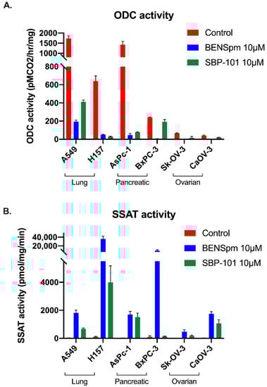Using lysates from cells treated for 24 h with 10 μΜ of either ΒΕΝSpm or SBP-101, the activity of major polyamine metabolic enzymes was determined. As expected, the BENSpm treatment reduced the ODC activity in all of the cell lines. The SBP-101 treatment reduced the ODC activity in all of the cell lines tested, except BxPC-3. In both of the ovarian adenocarcinoma lines, the SBP-101 treatment caused a reduction in the ODC activity to nearly non-detectable levels (Figure 4A). All of the tested cell lines exhibited a significant upregulation of the catabolic enzyme SSAT following the BENSpm treatment (Figure 4B). The SBP-101 treatment, however, resulted in a variable and more modest upregulation of SSAT. The AsPC-1 and H157 cell lines robustly upregulated SSAT in response to SBP-101, while the A549 and CaOV-3 cell lines exhibited a less extensive upregulation. The BxPC-3 and Sk-OV-3 cells showed little to no upregulation of SSAT in response to the SBP-101 treatment. The preliminary results indicate that SBP-101 does not influence AdoMetDC or SMOX activities (data not shown).
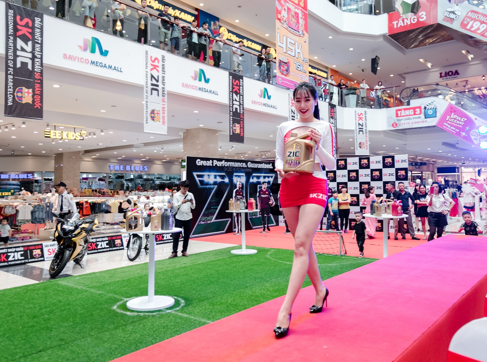 사진2) 베트남 하노이 시에서 열린 SK ZIC-FCB 브랜드 런칭 행사에서 SK루브리컨츠 모델이 FC바르셀로나 선수 이미지가 부착된 SK ZIC제품을 선보이고 있다.
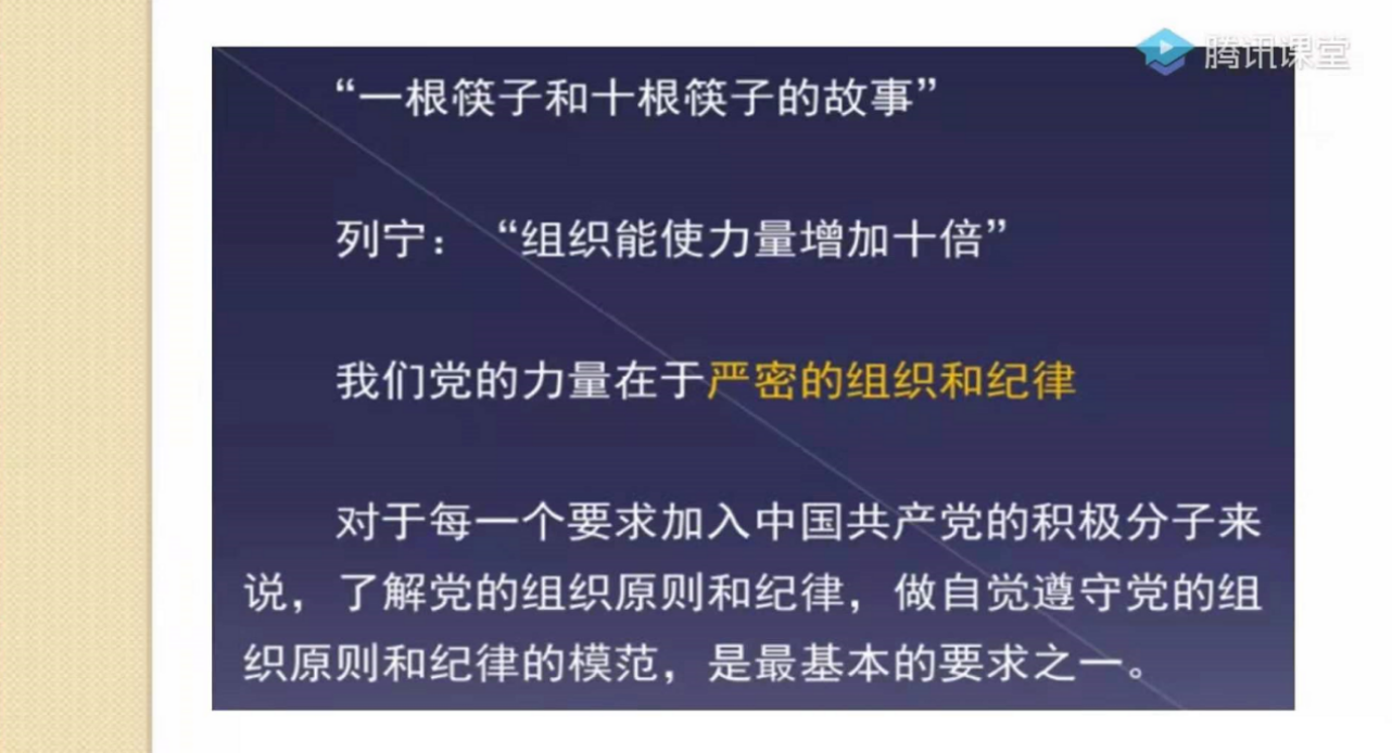龚云首先从“一根筷子和十根筷子的故事”引出党的力量在于严密的组织和纪律,要求各位入党积极分子要了解和遵守党的组织原则和纪律。通过介绍党的纪律的含义、内容、特点,强调了入党积极分子必须增强纪律意识和法治观念。最后龚云号召广大学员自觉抵制腐败,保持与时俱进、奋发有为的精神状态,做到政治上清醒、工作上勤奋、作风上朴素、生活上廉洁。

========================

- [Exercise instructions] An exact reproduction of the data is required, with pictures excluded.

- [Solution below]
Using lysates from cells treated for 24 h with 10 μΜ of either ΒΕΝSpm or SBP-101, the activity of major polyamine metabolic enzymes was determined. As expected, the BENSpm treatment reduced the ODC activity in all of the cell lines. The SBP-101 treatment reduced the ODC activity in all of the cell lines tested, except BxPC-3. In both of the ovarian adenocarcinoma lines, the SBP-101 treatment caused a reduction in the ODC activity to nearly non-detectable levels (Figure 4A). All of the tested cell lines exhibited a significant upregulation of the catabolic enzyme SSAT following the BENSpm treatment (Figure 4B). The SBP-101 treatment, however, resulted in a variable and more modest upregulation of SSAT. The AsPC-1 and H157 cell lines robustly upregulated SSAT in response to SBP-101, while the A549 and CaOV-3 cell lines exhibited a less extensive upregulation. The BxPC-3 and Sk-OV-3 cells showed little to no upregulation of SSAT in response to the SBP-101 treatment. The preliminary results indicate that SBP-101 does not influence AdoMetDC or SMOX activities (data not shown).
 사진2) 베트남 하노이 시에서 열린 SK ZIC-FCB 브랜드 런칭 행사에서 SK루브리컨츠 모델이 FC바르셀로나 선수 이미지가 부착된 SK ZIC제품을 선보이고 있다.
龚云首先从“一根筷子和十根筷子的故事”引出党的力量在于严密的组织和纪律,要求各位入党积极分子要了解和遵守党的组织原则和纪律。通过介绍党的纪律的含义、内容、特点,强调了入党积极分子必须增强纪律意识和法治观念。最后龚云号召广大学员自觉抵制腐败,保持与时俱进、奋发有为的精神状态,做到政治上清醒、工作上勤奋、作风上朴素、生活上廉洁。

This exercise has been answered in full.